U.S. officials must defend the administration in person before a judge in Texas who threatened to hold the government in contempt for failing to fully block President Barack Obama’s immigration initiative.
Jeh Johnson, the U.S. homeland security chief, won’t need to be among them, U.S. District Judge Andrew Hanen in Brownsville ruled Tuesday. He previously said Johnson must appear personally.
White House lawyers asked to cancel the Aug. 19 hearing after officials detailed the agency’s extensive efforts to recover 2,500 immigrant work permits mistakenly issued after the judge ordered the program halted in February.
Hanen excused the most senior officials from personally attending but said he still wants to hear the government’s plan for recovering the remaining improperly issued credentials “in the very near future.”
Texas and 25 other states are suing to overturn Obama’s unilateral change to U.S. immigration policy, announced in November.
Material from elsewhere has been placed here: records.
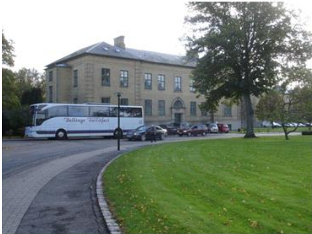
Det Psykiatriske Hospital
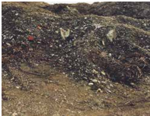
Nelegalno nasuta zemljina v Pekrah

Tokrat so se na zboru SKS Pekre udeleženci_ke najprej na kratko seznanili_e s poročilom Inšpektorata RS za okolje in prostor v zvezi z ugotavljanjem postopkov, izvedenih na lokacijah spornega nasipa. Poročilo je bilo podano na zahtevo Ministrstva za okolje in prostor, v njem pa je moč prebrati ugotovitev, da je bilo nasutje zemljine v skladu z
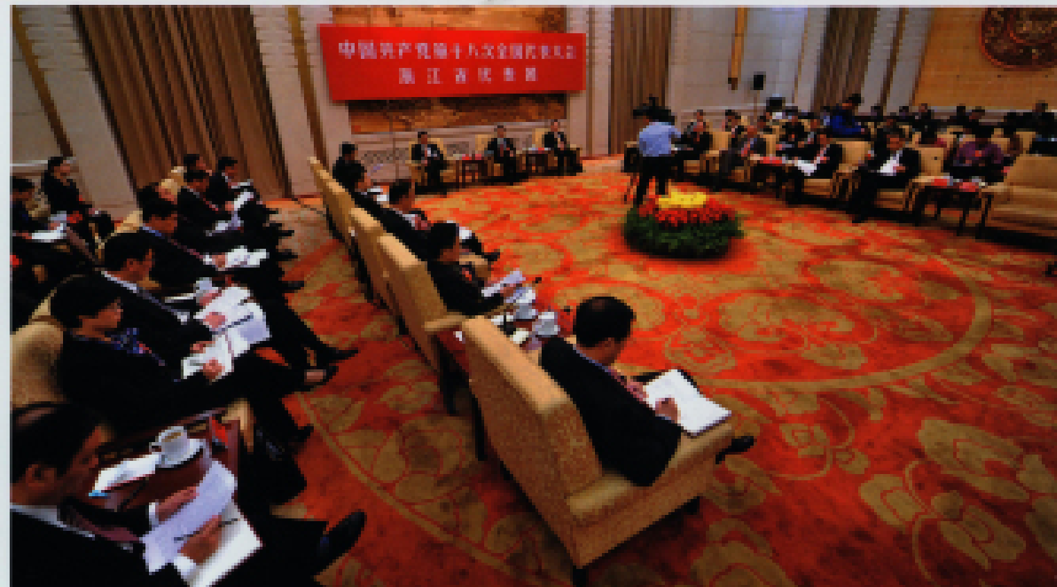
▲ 2012年11月9日,浙江代表团讨论十八大报告。
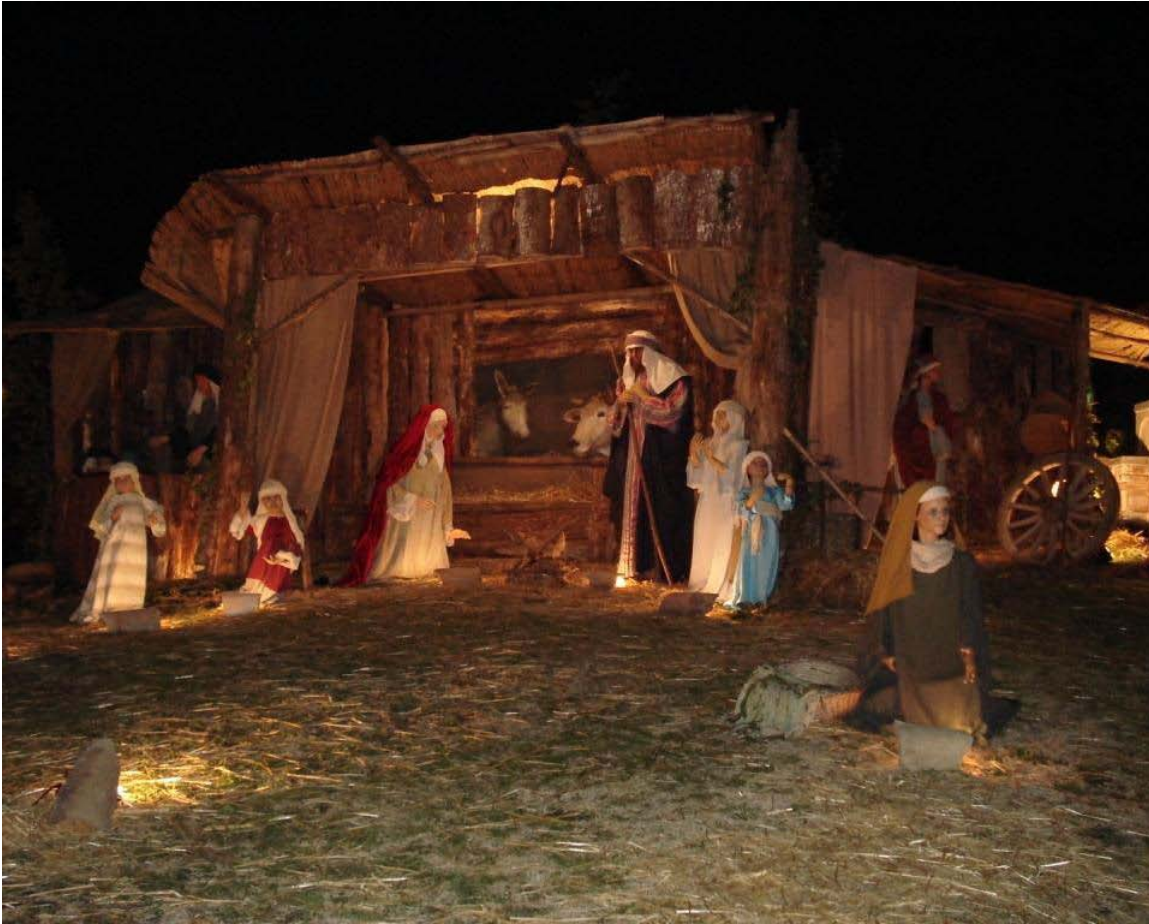
Udsnit af Betlehems-scenen på plænen foran Basilica di San Francesco, Assisi, d. 14. december 2006 Stalden med Maria og Josef
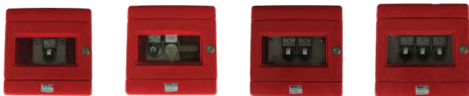
802183D 1 zone 802184D 1 zone 2 coffrets 802185D 2 zones 802186D 3 zones
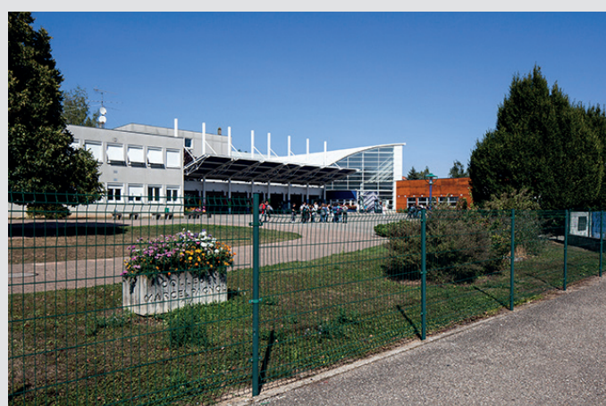
Le collège Marcel Pagnol de Wasselonne
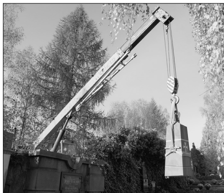
Manipulace s památkou ev. č. 25 na Staroměstském hřbitově
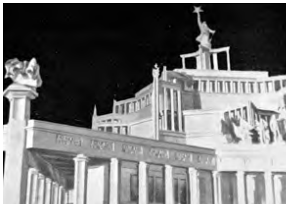
> Рис. 10. Проект Театра Красной Армии. Архитекторы К. С. Алабян и В. Н. Симбирцев. 1934 [17, с. 8]
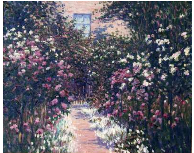
© Frechon « Allée de rosiers-Printemps » Ca 1908, 60 x 73. Coll. part.
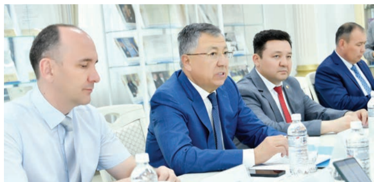
Соңы. Басы 1-бетте

Samsung Electronics тапсырысы бойынша 2015 жылдан бастап ҚазҰУ оқытушылары мобильді қосымшаларды, интернет құрылғылардың технологияларын әзірлеу, машиналық оқыту курстарын даярлап, енгізді.
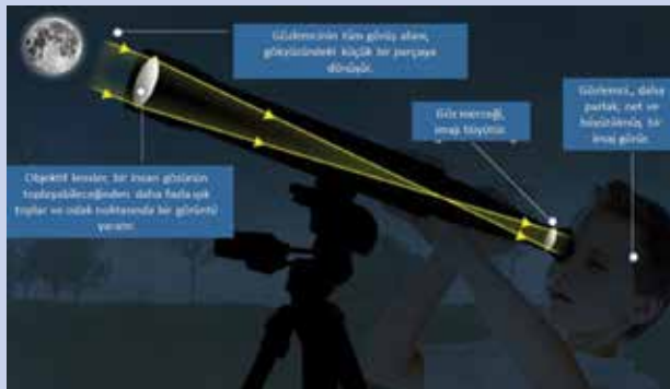
Şekil 1 : Mercekli teleskobun çalışma prensibi...

Mercekli (Refraktif veya dioptrik) teleskoplar, ışığı toplamak için mercek takımı kullanan teleskoplardır. En basitinden bir dürbün ile aynı mantıkta çalışırlar. İlk mercekli teleskop 1608 yılında Hollandalı bir gözlük üreticisi olan Hans Lippershey tarafından tasarlanmış olup, bu teleskobu gökyüzü gözlemlerinde ilk kez Galileo Galilei 1609 yılında kullanmıştır. O zamandan bu zamana mercekli teleskopların tasarımı benzer olsa da gelişen teknoloji ve artırılan mercek kaliteleri

The initiative is designed to shelter 5 million undocumented immigrants from deportation and provide them with three-year work permits.
To qualify for the program, immigrants must have lived in the U.S. for at least five years and be the parents of an American citizen or have been brought here as children themselves. They must also pass a criminal background check.
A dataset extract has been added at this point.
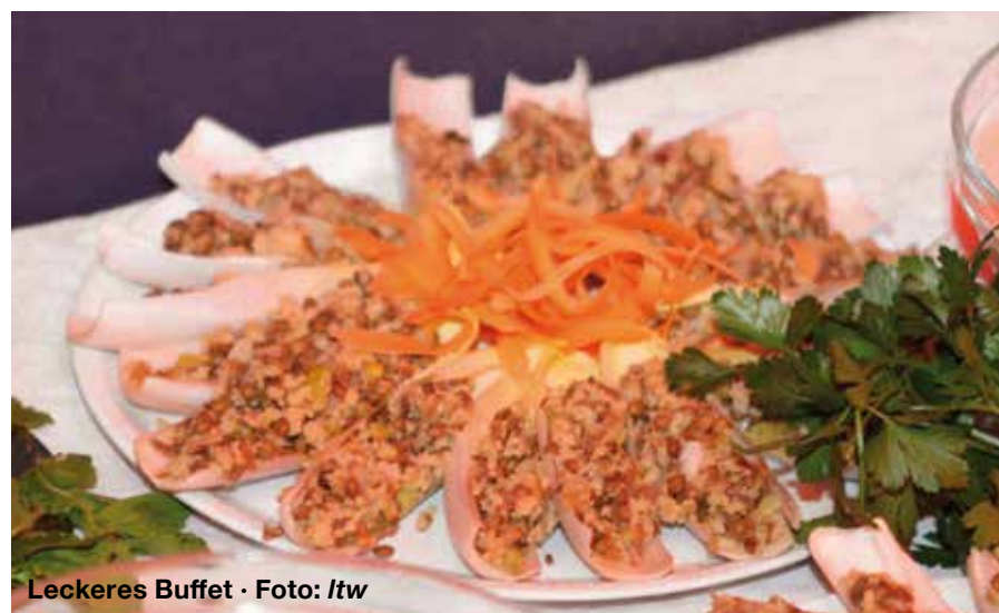
Leckeres Buffet

planung des Bezirksamts Altona. Ermöglicht wurde das Projekt durch viel ehrenamtliches Engagement sowie durch die finanzielle Unterstützung der SAGA GWG Stiftung Nachbarschaft und des Hamburger Spendenparlaments.
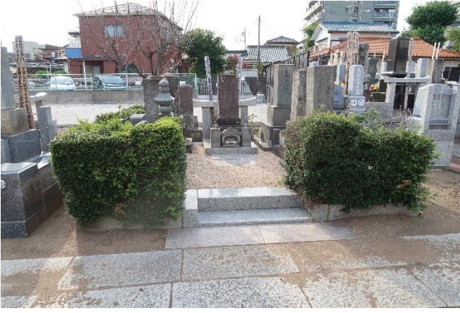
安藤家の墓（常与寺墓地）正面

Hanen, whose courthouse sits a mile from the Mexican border, warned officials he’ll find them in contempt if they fail to move quickly enough to recover all the mistakenly issued credentials or misled him about those efforts.
22 Missing
The U.S. said this month it has reclaimed all but 22 of the 2,500 work permits at issue and corrected federal computer databases to invalidate the rest.
Texas has pressed Hanen to require the government to recover 108,000 additional three-year work permits issued before Hanen’s standstill order went into effect.
To date, the Obama administration hasn’t explained efforts to reclaim those papers. Federal agents went door to door to recover the other permits from immigrants who failed to turn them in.
The U.S. Court of Appeals in New Orleans is considering a request by White House lawyers to throw out Hanen’s order temporarily blocking the immigration reform so it can be implemented before Obama leaves office.
Hanen hasn’t scheduled a trial on the states’ main challenge to the president’s constitutional authority to change immigration policy without the approval of Congress or the courts.
The case is Texas v. U.S., 1:14-00254, U.S. District Court, Southern District of Texas (Brownsville).